[Start of Attachment]
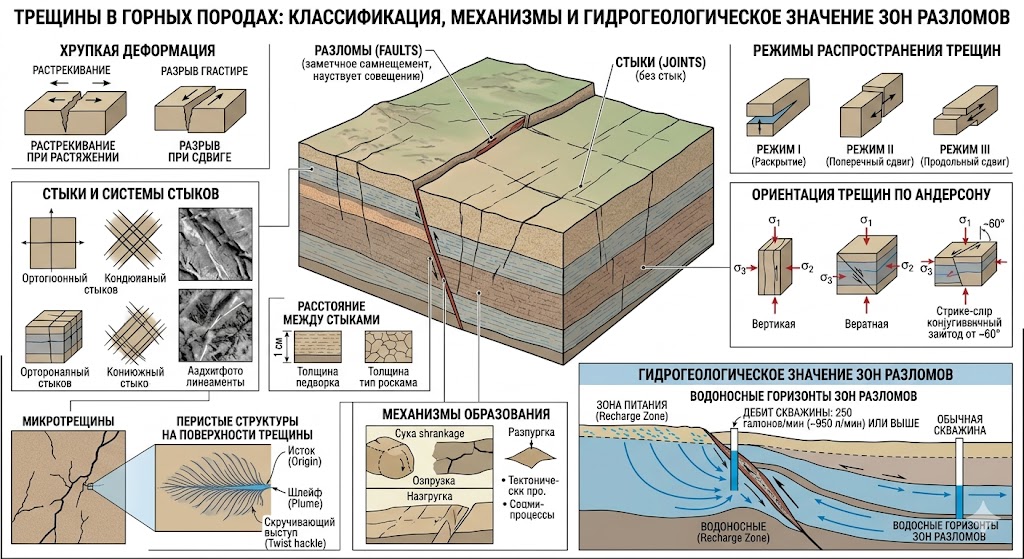 Трещины в горных породах: классификация, механизмы хрупкой деформации и гидрогеологическое значение зон разломов
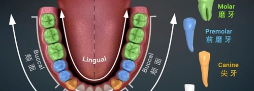 正畸—不同材质的牙箍、舌侧矫正器、牙周夹板、正常牙合、正常牙合、下颌反牙合。
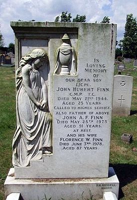 | Notes: | CMP. Enlisted in the The Buffs East Kent Regiment. 1/6/41 Transferred to CMP. Casualty List 1471/22, Home, Wounded, 21/5/1944, result of accident CL 1497/37. Casualty List 1497/37, Home, Died, should read Died result of accident, 21/5/1944. 4/9/49 He was awarded the 1939-1945 Star, Defence Medal, War Medal. Address:- 84 Albermarle Road, Willesborough, Ashford, Kent. He was born and resided in Kent. Inscription on private memorial: In loving memory of our dear son L/Cpl John Hubert Finn, CMP. TC, died May 21st 1944, aged 25 years. Called to higher service. John Hubert Finn. |
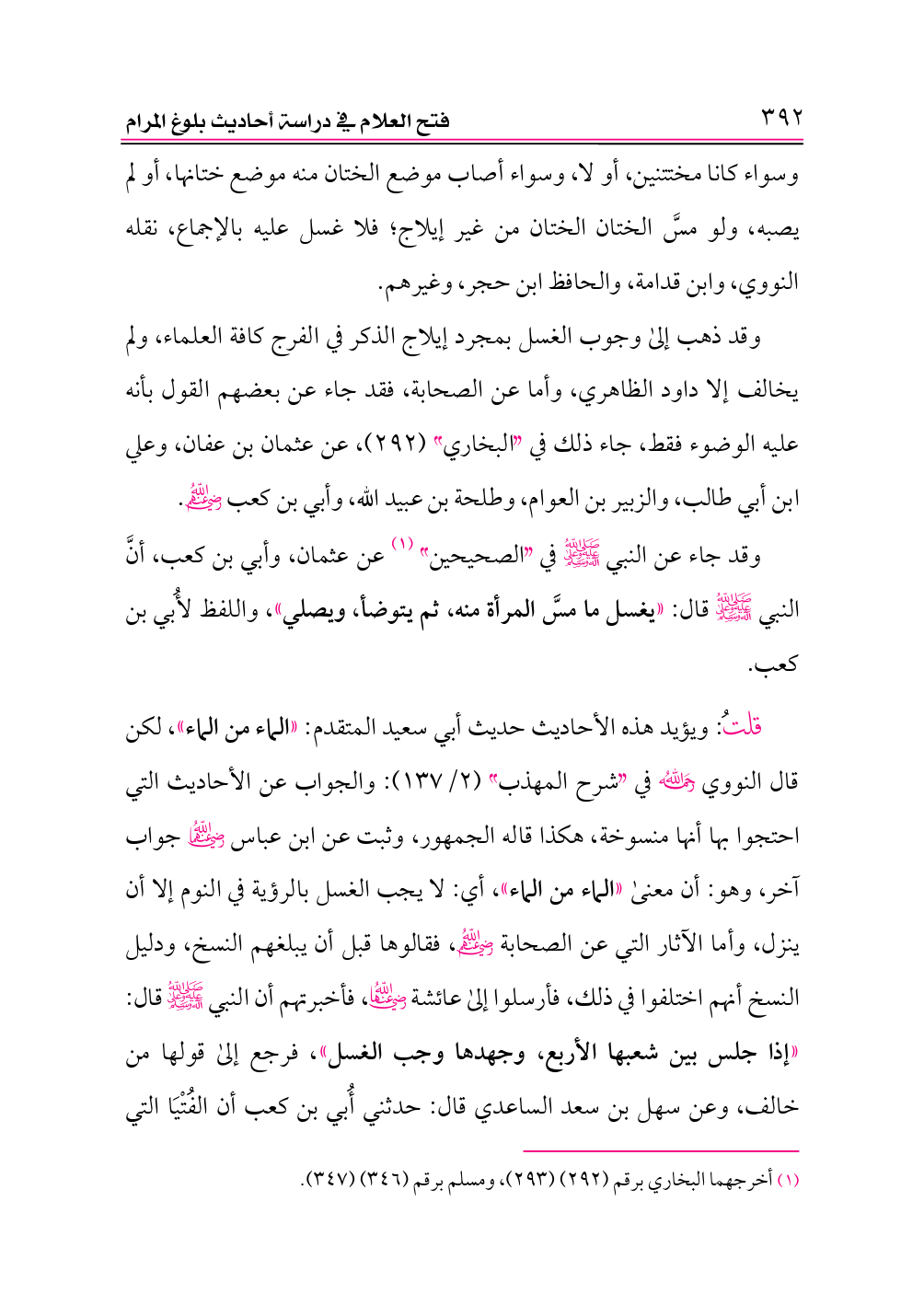 قلتُ: ويؤيد هذه الأحاديث حديث أبي سعيد المتقدم: «الماء من الماء»، لكن قال النووي -رحمه الله- في «شرح المهذب» (٢/ ١٣٧): والجواب عن الأحاديث التي احتجوا بها أنها منسوخة، هكذا قاله الجمهور، وثبت عن ابن عباس -رضي الله عنهما- جواب آخر، وهو: أن معنى «الماء من الماء»، أي: لا يجب الغسل بالرؤية في النوم إلا أن ينزل، وأما الآثار التي عن الصحابة -رضي الله عنهم-، فقالوها قبل أن يبلغهم النسخ، ودليل النسخ أنهم اختلفوا في ذلك، فأرسلوا إلى عائشة -رضي الله عنها-، فأخبرتهم أن النبي -صلى الله عليه وعلى آله وسلم- قال: «إذا جلس بين شعبها الأربع، وجهدها وجب الغسل»، فرجع إلى قولها من خالف، وعن سهل بن سعد الساعدي قال: حدثني أُبي بن كعب أن الفُتْيَا التي
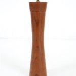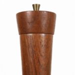1960s–1970s, Denmark, solid teak pepper mill. Dimensions: approx. 21 x 5 cm (height, diameter). Pleasant, smooth, satin-matte wood finish. In very good condition despite its age. Only slight signs of wear.
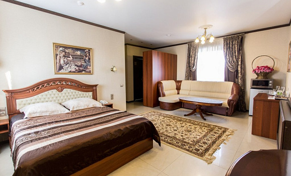 К услугам гостей 29 номеров различной категории и дизайна. В стоимость проживания входит: завтрак (шведский стол) и утреннее посещение сауны. Для удобства гостей при отеле ежедневно работают кафе, прачечная, пункт заказа экскурсий, спа-центр. Номера отеля оснащены: кондиционером, ТВ, холодильником. Бесплатный Wi-Fi доступен во всех номерах. На территории есть бесплатная парковка, что очень удобно для гостей, приехавших на собственной машине.
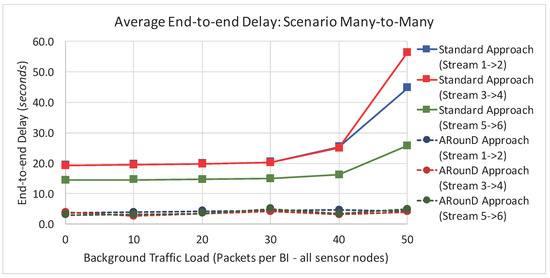 Figure 34. Average end-to-end delay for multiple many-to-many message streams, considering the ARounD Approach vs. Standard Approach under different traffic loads imposed by sensor nodes.
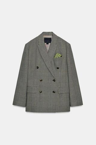 ZARA БЛЕЙЗЕР В КЛЕТКУ ИЗ ШЕРСТИ — ZW COLLECTION, БЕЖЕВЫЙ
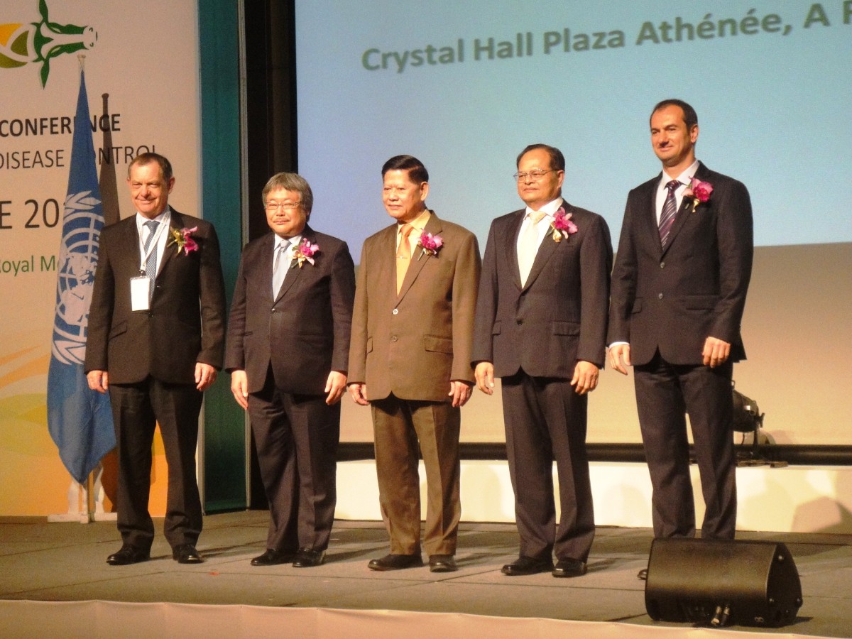 Présidant la séance d’ouverture de la Conférence Mondiale de la FAO et de l’OIE à Bangkok, en présence, notamment, du Ministre de l’Agriculture et des Coopératives de Thaïlande, du DG/OIE et du DGA/FAO, mercredi, le Vice-Premier Ministre a affirmé que « …la Thaïlande œuvre davantage pour la réalisation d’une zone indemne de la fièvre aphteuse d’ici 2015 dans une zone pilote de la région orientale du pays, aussi bien qu’au niveau régional de l’ASEAN d’ici 2020…»
[End of Attachment]
**TASK TO CARRY OUT:** Exclude the pictures, and transcribe all of the material exactly.

**ANSWER TO THIS PROBLEM:**
 Трещины в горных породах: классификация, механизмы хрупкой деформации и гидрогеологическое значение зон разломов
 正畸—不同材质的牙箍、舌侧矫正器、牙周夹板、正常牙合、正常牙合、下颌反牙合。
 | Notes: | CMP. Enlisted in the The Buffs East Kent Regiment. 1/6/41 Transferred to CMP. Casualty List 1471/22, Home, Wounded, 21/5/1944, result of accident CL 1497/37. Casualty List 1497/37, Home, Died, should read Died result of accident, 21/5/1944. 4/9/49 He was awarded the 1939-1945 Star, Defence Medal, War Medal. Address:- 84 Albermarle Road, Willesborough, Ashford, Kent. He was born and resided in Kent. Inscription on private memorial: In loving memory of our dear son L/Cpl John Hubert Finn, CMP. TC, died May 21st 1944, aged 25 years. Called to higher service. John Hubert Finn. |
 قلتُ: ويؤيد هذه الأحاديث حديث أبي سعيد المتقدم: «الماء من الماء»، لكن قال النووي -رحمه الله- في «شرح المهذب» (٢/ ١٣٧): والجواب عن الأحاديث التي احتجوا بها أنها منسوخة، هكذا قاله الجمهور، وثبت عن ابن عباس -رضي الله عنهما- جواب آخر، وهو: أن معنى «الماء من الماء»، أي: لا يجب الغسل بالرؤية في النوم إلا أن ينزل، وأما الآثار التي عن الصحابة -رضي الله عنهم-، فقالوها قبل أن يبلغهم النسخ، ودليل النسخ أنهم اختلفوا في ذلك، فأرسلوا إلى عائشة -رضي الله عنها-، فأخبرتهم أن النبي -صلى الله عليه وعلى آله وسلم- قال: «إذا جلس بين شعبها الأربع، وجهدها وجب الغسل»، فرجع إلى قولها من خالف، وعن سهل بن سعد الساعدي قال: حدثني أُبي بن كعب أن الفُتْيَا التي
1960s–1970s, Denmark, solid teak pepper mill. Dimensions: approx. 21 x 5 cm (height, diameter). Pleasant, smooth, satin-matte wood finish. In very good condition despite its age. Only slight signs of wear.
 К услугам гостей 29 номеров различной категории и дизайна. В стоимость проживания входит: завтрак (шведский стол) и утреннее посещение сауны. Для удобства гостей при отеле ежедневно работают кафе, прачечная, пункт заказа экскурсий, спа-центр. Номера отеля оснащены: кондиционером, ТВ, холодильником. Бесплатный Wi-Fi доступен во всех номерах. На территории есть бесплатная парковка, что очень удобно для гостей, приехавших на собственной машине.
 Figure 34. Average end-to-end delay for multiple many-to-many message streams, considering the ARounD Approach vs. Standard Approach under different traffic loads imposed by sensor nodes.
 ZARA БЛЕЙЗЕР В КЛЕТКУ ИЗ ШЕРСТИ — ZW COLLECTION, БЕЖЕВЫЙ
 Présidant la séance d’ouverture de la Conférence Mondiale de la FAO et de l’OIE à Bangkok, en présence, notamment, du Ministre de l’Agriculture et des Coopératives de Thaïlande, du DG/OIE et du DGA/FAO, mercredi, le Vice-Premier Ministre a affirmé que « …la Thaïlande œuvre davantage pour la réalisation d’une zone indemne de la fièvre aphteuse d’ici 2015 dans une zone pilote de la région orientale du pays, aussi bien qu’au niveau régional de l’ASEAN d’ici 2020…»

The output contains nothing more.